Three: dancing the blues
The weeks around Christmas and New Year are always too overwhelming to remember with much clarity. The days are hurried along by impatient children and exhausted mothers whose ideas for presents are rapidly running out, while the nights are blurred by bright lights and foggy air. Parties with fairy lights and supermarket mince pies punctuate these weeks but they are mostly all the same and will be the same next year and the year after. One party however, which had slipped unexpectedly into this year’s calendar, was not so predictable…
Huddled in the back of an uber with our coats tugged tightly around our shoulders, we arrived outside a square brick building devoid of any of the usual Christmas paraphernalia. No multi-coloured lights, glittery tinsel, or garish Santa pinups were anywhere to be seen. What sort of party was this? Suspicious, we pushed open the door and walked in.
There was heat and there were people and there was music. A deep raspy voice and the strum of metal strings carried through the muggy air and everyone was dancing.
For those of you unacquainted with blues dancing, as I was, here’s what I observed:
Blues dancing is not what comes to mind when I think of a partnered dance. I think of the poise and elegance of a waltz, or the sharp lines of a tango.

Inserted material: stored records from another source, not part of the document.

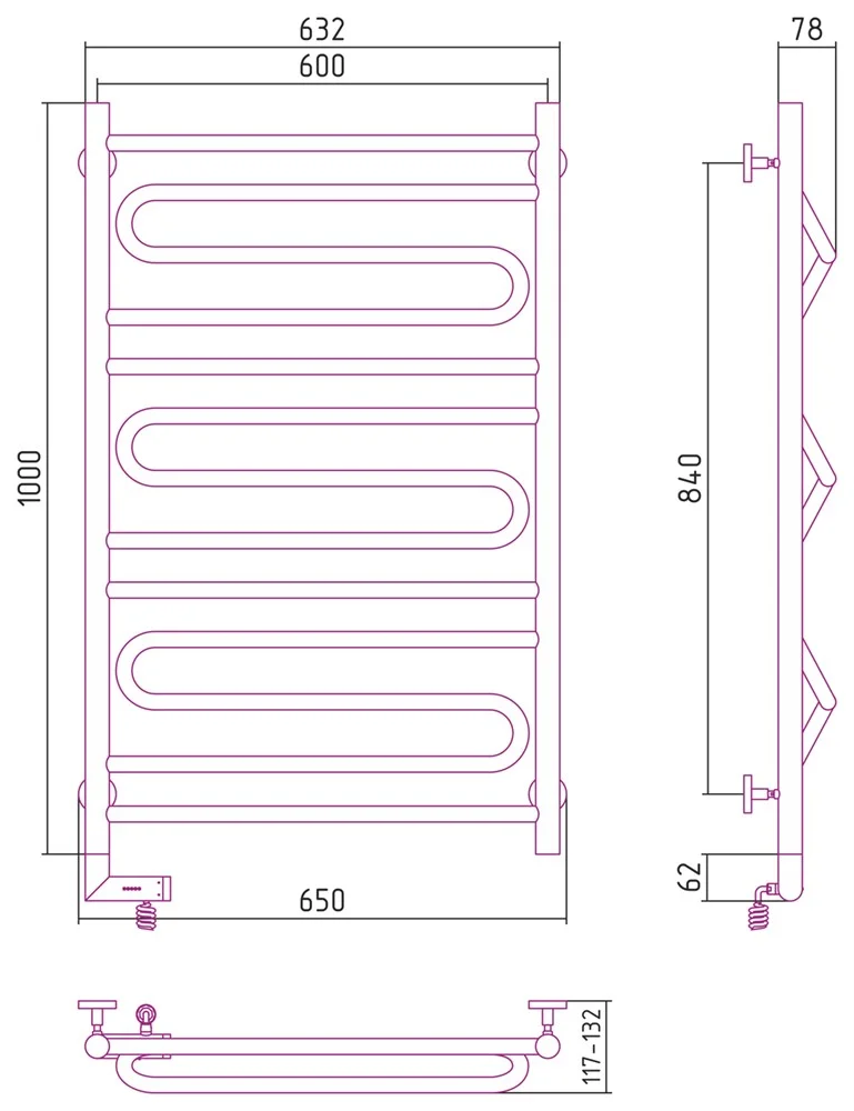 Полотенцесушитель электрический Сунержа Элегия 2.0 1000х600 МЭМ левый 00-5218-1060 Без покрытия
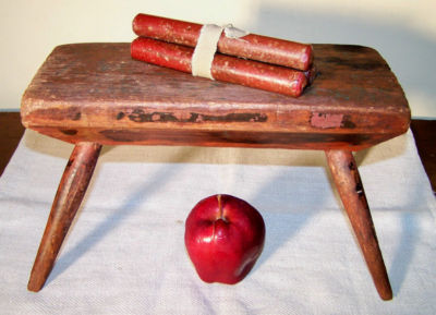 Title (ebay affiliate link): AAFA Mid-1800's Wooden Cricket Stool, Old Red Paint, Splayed Legs, A Classic
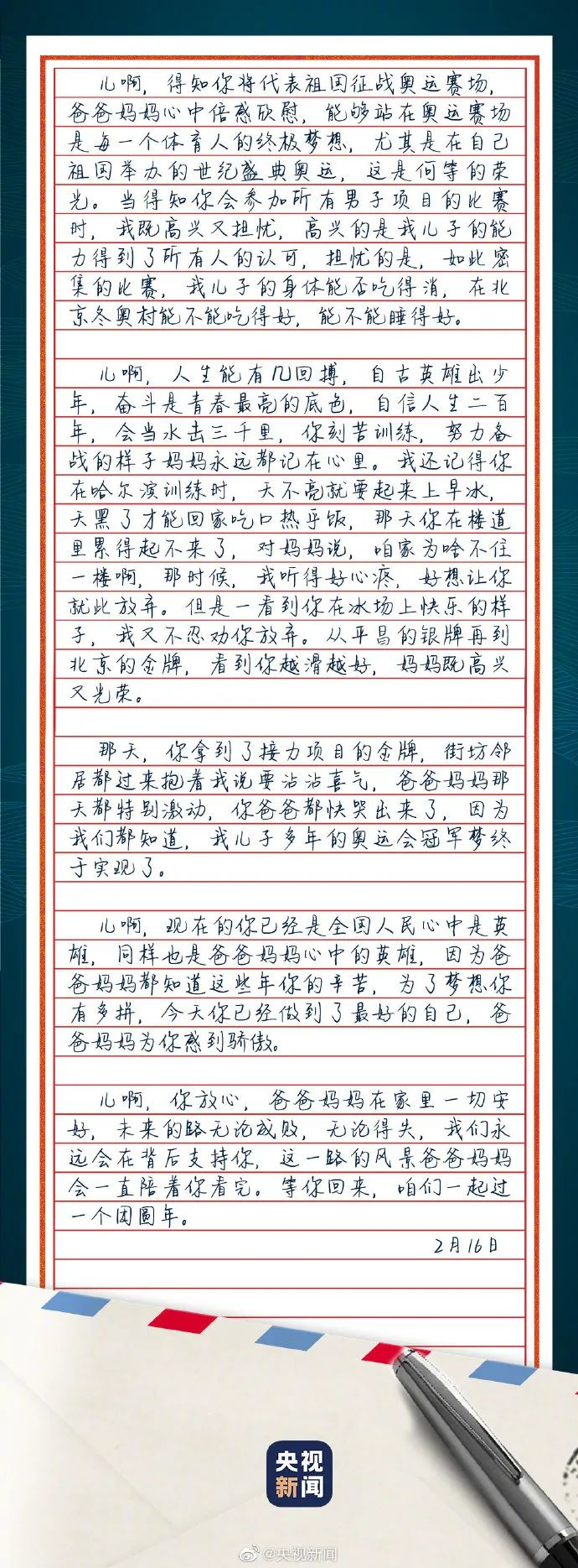 信中提到,任子威夺冠后,街坊邻居都过来拥抱李艳说要沾沾喜气,“你爸爸都快哭出来了,因为我们都知道,儿子多年的奥运会冠军梦终于实现了。”
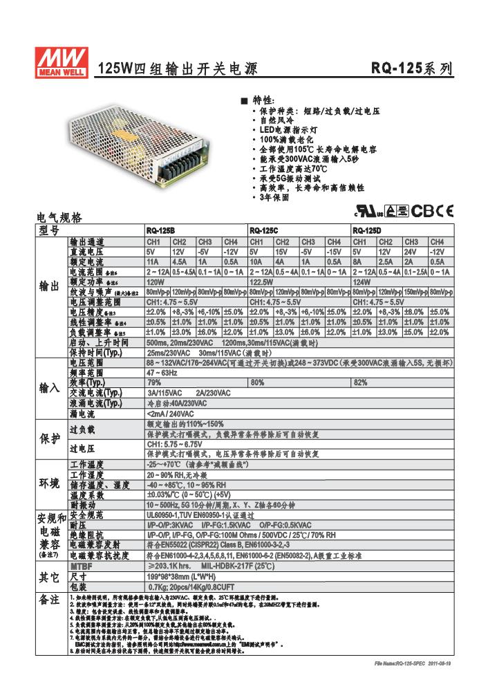 明纬四组输出开关电源RQ-125系列—深圳明纬开关电源一级代理商
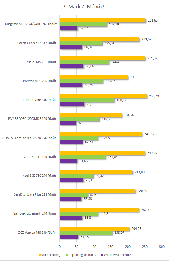 В отличие от интенсивных синтетических тестов, PCMark 7 фиксирует уровень полезности SSD в бытовых условиях. По силам ли HyperX FURY роль «второго дыхания» для недорогого компьютера?

Two people moving through space with accuracy and direction, seemingly holding one another up whilst also appearing as though they could be separated and still maintain a perfect body shape. The frames of their bodies simply fit neatly together like puzzle pieces. But in Blues there is an earthiness in the way partners move. Knees melt, elbows are soft, and bodies seem to sink into each other as though they are relieved that the other person is there to hold them. It’s swampy but sexy, loose but close.
From across the room I watched a man and woman swirling through thick air and blurs of bodies. They held each other with the understanding and trust of an old couple who’d been in love for decades, but they were young and they were strangers.
They danced to the music but also to the beats and pulses of each other; their breaths, the relaxing and contracting of their muscles, the pushes and gives of hand to back or palm to palm. I watched a conversation spoken through the bodies of two people who want to know everything about each other but also already do. The man wore a faded flat cap and a soft linen shirt. The woman wore loose trousers and a spaghetti-strap top. He smiled as he gently spun her away, opening the space between their chests. She smiled as she stepped back toward him, closing the space again.
The song ended but the pair remained close, breathing the last breath of their dance. They looked up and thanked one another for the vulnerable and beautiful time they had just shared, and then they slowly parted and were swept away into the fog of people.